Imports are what is important. In his 1848 Principles of Political Economy, John Stuart Mill explained it well:

[T]he only direct advantage of foreign commerce consists in the imports. … The vulgar theory [of protectionism] disregards this benefit, and deems the advantage of commerce to reside in the exports: as if not what a country obtains, but what it parts with, by its foreign trade, was supposed to constitute the gain to it. … This notion is intelligible, when we consider that the authors and leaders of opinion on mercantile questions have always hitherto been the selling class. It is in truth a surviving relic of the Mercantile Theory.

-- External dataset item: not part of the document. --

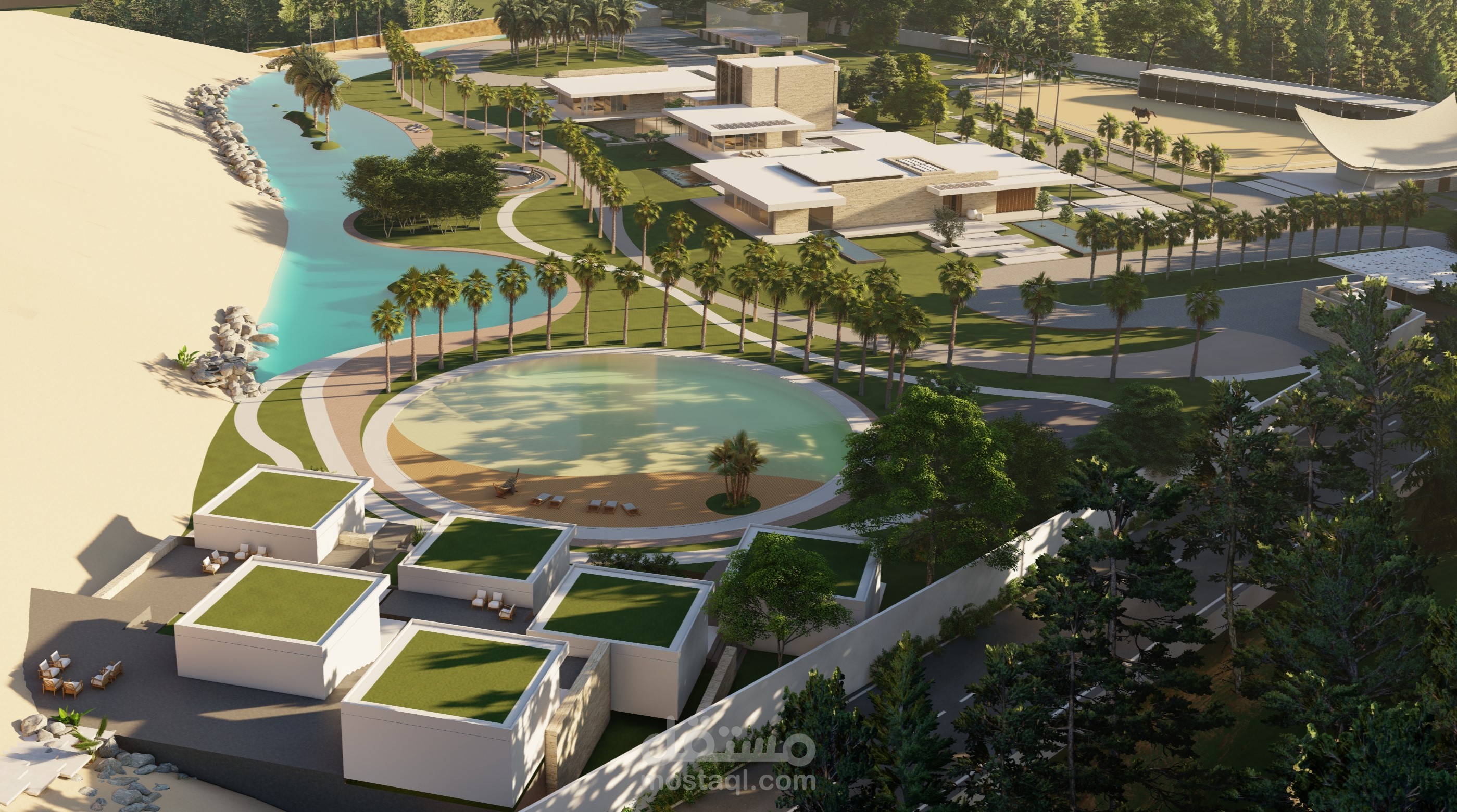 تم تصميم المنتجع على مساحة 50 الف متر مربع في مدينة الرياض

Let’s break off from the mercantilism of the selling class. American consumers should relax and enjoy the unrequested generosity and mercantilist mistakes of the Chinese state. The federal government should not interfere with this enjoyment, whatever the producers’ lobbyists say. Moreover, a possibility exists that Chinese mercantilism would push American producers to new levels of efficiency, while tariff barriers will (if history is any guide) make them complacent, lazy, and crying for more protection.

Of course, as long as the government is able to grant privileges such as tariffs, treasure hunters will continue to swarm over the pot of consumers’ money. The real solution would be to devise institutional means to prevent Leviathan from interfering with free trade.